Desports 4 Spécial Coupe du Monde
Desports 4 Spécial Coupe du Monde, Olivier Guez, Bernard Chambaz, Adrien Bosc, Pierre-Louis Basse, Benoît Heimermann, Bernard Comment, et beaucoup d’autres, Ed. du Sous-sol, mai 2014, 196 pages, 17 €
Edition: Editions du Sous-Sol
« A 16h34, à la 79e minute de la rencontre, Alcides Ghiggia, l’ailier uruguayen, déboule, excentré. Il a éliminé Bigote, son vis-à-vis, et s’en va chercher la tête ou le pied de Schiaffino. Comme sur le premier but de la Celeste, Barbosa l’anticipe, légèrement avancé, oui, Barbosa anticipe le centre, il ne ferme pas bien l’angle de son but, Ghiggia l’a vu, tire, Barbosa se détend mais trop tard, la balle lui échappe, l’Uruguay marque. La Celeste même au score et le Brésil ne la rattrapera jamais, il va perdre « la Finale » ! (Le gardien maudit, Olivier Guez).
Comme la littérature, le football est affaire de détente et d’anticipation. Il faut bien fermer l’angle de son but pour éviter que la phrase lancée à vive allure ne finisse dans le filet. Comme la littérature, le football est affaire de stratégie, on occupe le terrain ou on semble se découvrir, mais c’est une ruse chinoise, les attaquants sont en place, mais un milieu jaillit comme un haïku, pied droit, pied gauche, déhanchement, retour sur le droit et exclamation finale, la clameur se poursuit longtemps en suspension comme chez Céline.
« Entre ciel et terre, sur l’herbe rouge ou bleue, une tonne de muscles voltige en plein oubli de soi, avec toute la présence que cela requiert en toute invraisemblance. Quelle joie, René, quelle joie ! » (Nicolas de Staël à René Char).

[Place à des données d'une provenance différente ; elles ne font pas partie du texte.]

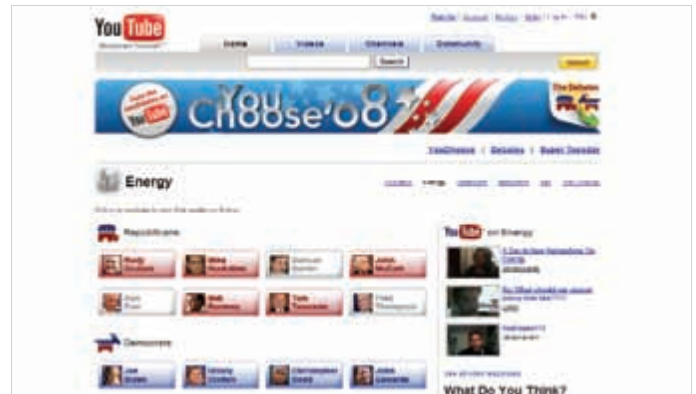
Figure 5. Go to YouChoose '08 Issue: Energy to view Republican and Democratic candidate videos on the issue of energy. (Accessed Jan. 27, 2008.)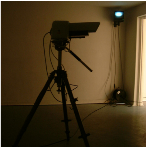
Motorised Surveillance Camera Credit: David Cotterrell (2001)

High Fidelity was an exhibition by three international artists working within new media and kinetic installation.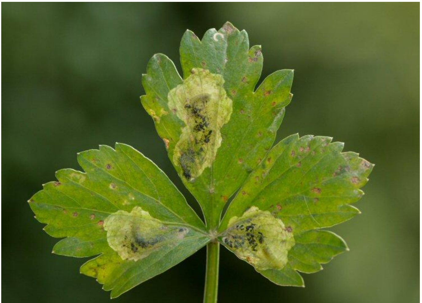
Phytomyza angelicae Kaltenbach, 1872

Comme le football, la peinture est affaire de détente et d’inspiration. Le mouvement inspire le mouvement, à condition d’entendre et de voir ce qui se joue sur la pelouse et sur la toile. Nicolas de Staël voit le hasard et celui-ci le lui rend bien. Ses Footballeurs en témoignent, c’est un Prince foudroyé chez les Princes du Parc.

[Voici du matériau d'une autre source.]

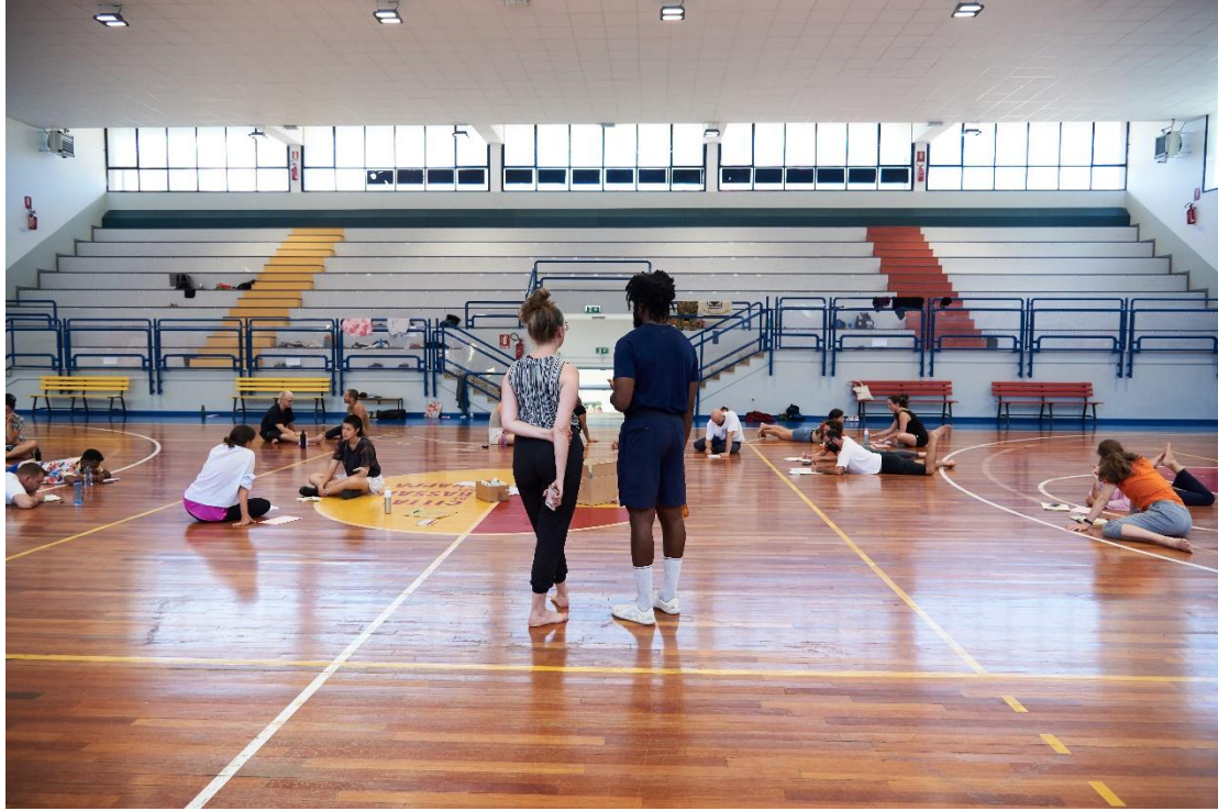
Carte Blanche Session

What do you need to be critical about, in order to make it stronger? What can you do about it in the long term? What can you do in the next few days?

« Le 21 novembre 1973, dix mille spectateurs assistent à cette partie sans adversaire, le match, propagande de la dictature militaire, se veut une célébration de la victoire et la qualification. Autour du terrain, les soldats surveillent les joueurs et le public, la mascarade officielle ne doit souffrir d’aucune sorte de contestation. Et ainsi, onze joueurs se retrouvent à arpenter seuls le terrain jusqu’à ce que Francisco Chamaco Valdès, buteur du club Colo-Colo, aille marquer l’unique but de la rencontre » (Le jour où Pinochet a assassiné le football, Adrien Bosc).

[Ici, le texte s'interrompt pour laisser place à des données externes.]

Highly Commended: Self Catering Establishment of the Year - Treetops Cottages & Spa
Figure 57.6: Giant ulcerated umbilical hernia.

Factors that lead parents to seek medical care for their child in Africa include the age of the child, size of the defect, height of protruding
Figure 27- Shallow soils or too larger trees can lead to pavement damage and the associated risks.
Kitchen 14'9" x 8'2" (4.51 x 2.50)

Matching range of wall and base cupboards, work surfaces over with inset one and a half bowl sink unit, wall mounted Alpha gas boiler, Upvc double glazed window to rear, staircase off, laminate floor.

Football et littérature, imaginons Père Ubu à l’Estadio Nacional de Santiago du Chili, Merdre, le foot : 1973, l’URSS offre au Chili une qualification pour le Mondial sur tapis vert, l’équipe adverse ne s’est pas déplacée, deux mois plus tôt un militaire amateur de Ray Ban renversait le gouvernement d’Allende. Point d’esquive, de dribble, de débordement, de petit ou de grand pont, mais un mauvais roman national. On joue pour de faux comme disent les enfants, mais on torture et on meurt pour de vrai dans les tribunes et les vestiaires. Ji tou tue au moyen du croc à merdre et du couteau à figure.
« A Kyoto, il est un sanctuaire – le Shimogamo Shrine – où l’on croise d’antiques officiants affublés de robes à parements multicolores. Chaque mois de janvier, une poignée d’entre eux s’adonnent à des parties de kemari hajime avec une balle en peau de daim de vingt-quatre centimètres de diamètre qu’ils sont tenus de se renvoyer de leur seul pied droit sans que jamais celle-ci ne touche terre. Le terrain ne dépasse pas quelques mètres carrés, mais chacune de ses quatre extrémités est marquée par un arbre distinct : pin, saule, cerisier, érable. Une archiviste aurait trouvé trace d’une partie de cet ancêtre du football au XIIe siècle et noté qu’une balle avait été anoblie à la même époque pour avoir rebondi cent fois sans discontinuer » (La force du prophète, Benoît Heimermann).
Comme en littérature, en football rien n’est jamais gagné, un but peut en cacher un autre, une phrase tout renverser, un mauvais geste comme une faute de style se payer comptant. Il ne suffit pas de croire que ce que l’on vient d’écrire est un pur bijou, ou que la brillante attaque décisive que l’on a menée marquera son temps, il ne suffit pas de le croire, mais cela porte chance.